§ EXERCISE: Reproduce, exactly and in full, only the lines below from the one containing "Шкаф четырехдверный в" through the one containing "Restart the EBOX TV app".

§ PROVIDED INFORMATION:
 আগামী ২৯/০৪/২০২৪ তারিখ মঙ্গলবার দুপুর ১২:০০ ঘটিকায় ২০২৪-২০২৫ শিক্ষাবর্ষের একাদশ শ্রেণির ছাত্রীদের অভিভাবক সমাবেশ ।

==

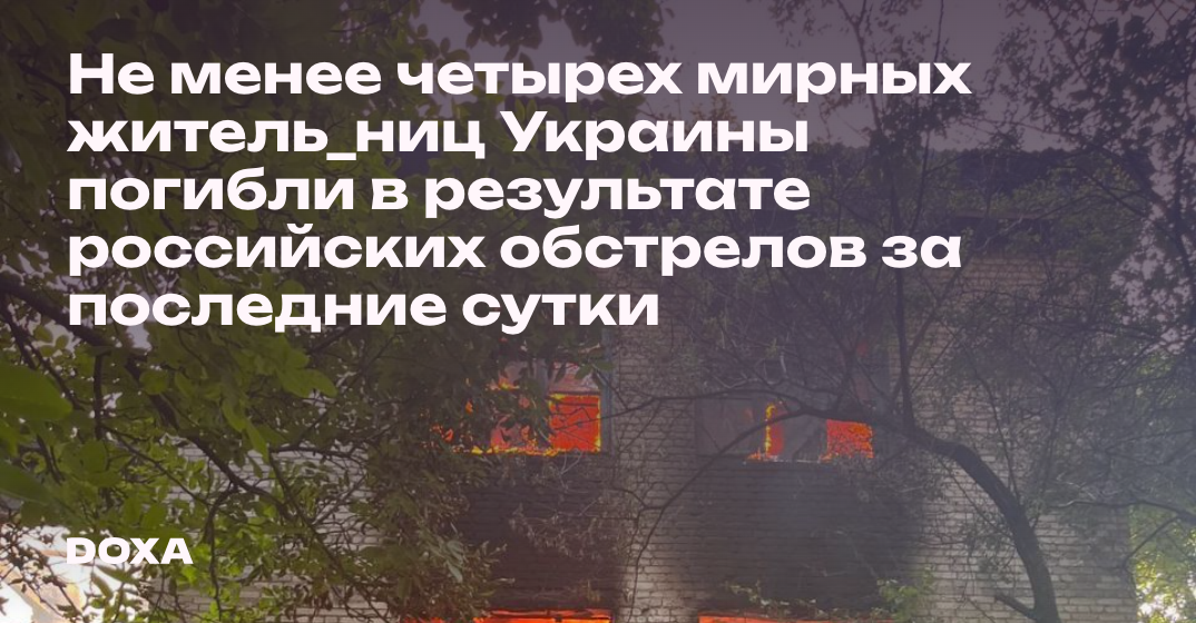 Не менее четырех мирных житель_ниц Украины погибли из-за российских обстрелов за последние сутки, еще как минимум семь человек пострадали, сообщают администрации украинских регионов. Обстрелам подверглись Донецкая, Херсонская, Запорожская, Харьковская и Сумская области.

* * *

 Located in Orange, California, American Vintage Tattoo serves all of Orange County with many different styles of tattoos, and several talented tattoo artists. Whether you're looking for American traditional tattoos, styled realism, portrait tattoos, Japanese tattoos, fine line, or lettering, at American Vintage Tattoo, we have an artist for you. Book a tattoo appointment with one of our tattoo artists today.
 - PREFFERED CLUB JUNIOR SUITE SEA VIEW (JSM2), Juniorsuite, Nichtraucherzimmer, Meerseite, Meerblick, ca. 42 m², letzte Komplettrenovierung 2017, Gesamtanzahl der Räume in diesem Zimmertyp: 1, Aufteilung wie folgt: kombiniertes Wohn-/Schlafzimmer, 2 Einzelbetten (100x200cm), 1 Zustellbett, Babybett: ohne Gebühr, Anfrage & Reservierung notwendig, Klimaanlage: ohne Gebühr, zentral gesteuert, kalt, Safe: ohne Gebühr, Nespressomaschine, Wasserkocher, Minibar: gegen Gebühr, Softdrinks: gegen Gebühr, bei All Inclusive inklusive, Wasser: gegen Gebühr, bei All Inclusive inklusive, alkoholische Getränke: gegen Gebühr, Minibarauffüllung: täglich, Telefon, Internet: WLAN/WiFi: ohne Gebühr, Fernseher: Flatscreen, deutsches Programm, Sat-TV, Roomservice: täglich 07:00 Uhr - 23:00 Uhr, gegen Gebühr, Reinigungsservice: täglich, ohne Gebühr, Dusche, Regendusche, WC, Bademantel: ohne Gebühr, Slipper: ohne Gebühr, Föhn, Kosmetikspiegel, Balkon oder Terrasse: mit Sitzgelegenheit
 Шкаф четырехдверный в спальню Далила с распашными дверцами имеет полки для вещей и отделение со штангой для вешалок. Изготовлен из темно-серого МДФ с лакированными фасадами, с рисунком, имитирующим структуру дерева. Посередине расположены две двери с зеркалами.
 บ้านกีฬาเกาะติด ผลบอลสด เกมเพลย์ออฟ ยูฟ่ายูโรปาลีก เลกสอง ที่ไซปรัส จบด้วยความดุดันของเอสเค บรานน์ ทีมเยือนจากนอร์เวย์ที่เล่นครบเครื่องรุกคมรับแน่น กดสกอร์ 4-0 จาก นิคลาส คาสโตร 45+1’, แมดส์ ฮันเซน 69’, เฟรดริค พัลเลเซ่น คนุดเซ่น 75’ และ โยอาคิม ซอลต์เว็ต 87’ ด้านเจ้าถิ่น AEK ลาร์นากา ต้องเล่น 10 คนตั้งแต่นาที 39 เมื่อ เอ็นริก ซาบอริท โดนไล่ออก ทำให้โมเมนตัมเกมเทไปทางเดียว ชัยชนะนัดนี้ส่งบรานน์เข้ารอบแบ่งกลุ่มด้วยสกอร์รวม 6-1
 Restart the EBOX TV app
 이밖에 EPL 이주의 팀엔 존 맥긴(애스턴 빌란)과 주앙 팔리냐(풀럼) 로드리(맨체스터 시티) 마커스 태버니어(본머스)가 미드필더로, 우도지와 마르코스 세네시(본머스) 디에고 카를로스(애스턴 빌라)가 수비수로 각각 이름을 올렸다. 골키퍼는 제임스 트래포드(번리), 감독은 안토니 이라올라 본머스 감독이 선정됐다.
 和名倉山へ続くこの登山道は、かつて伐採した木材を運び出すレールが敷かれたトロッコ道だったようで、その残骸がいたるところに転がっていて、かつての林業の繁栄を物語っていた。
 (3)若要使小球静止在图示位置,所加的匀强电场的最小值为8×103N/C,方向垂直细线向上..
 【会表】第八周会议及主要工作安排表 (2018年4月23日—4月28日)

§ EXERCISE SOLUTION:
 Шкаф четырехдверный в спальню Далила с распашными дверцами имеет полки для вещей и отделение со штангой для вешалок. Изготовлен из темно-серого МДФ с лакированными фасадами, с рисунком, имитирующим структуру дерева. Посередине расположены две двери с зеркалами.
 บ้านกีฬาเกาะติด ผลบอลสด เกมเพลย์ออฟ ยูฟ่ายูโรปาลีก เลกสอง ที่ไซปรัส จบด้วยความดุดันของเอสเค บรานน์ ทีมเยือนจากนอร์เวย์ที่เล่นครบเครื่องรุกคมรับแน่น กดสกอร์ 4-0 จาก นิคลาส คาสโตร 45+1’, แมดส์ ฮันเซน 69’, เฟรดริค พัลเลเซ่น คนุดเซ่น 75’ และ โยอาคิม ซอลต์เว็ต 87’ ด้านเจ้าถิ่น AEK ลาร์นากา ต้องเล่น 10 คนตั้งแต่นาที 39 เมื่อ เอ็นริก ซาบอริท โดนไล่ออก ทำให้โมเมนตัมเกมเทไปทางเดียว ชัยชนะนัดนี้ส่งบรานน์เข้ารอบแบ่งกลุ่มด้วยสกอร์รวม 6-1
 Restart the EBOX TV app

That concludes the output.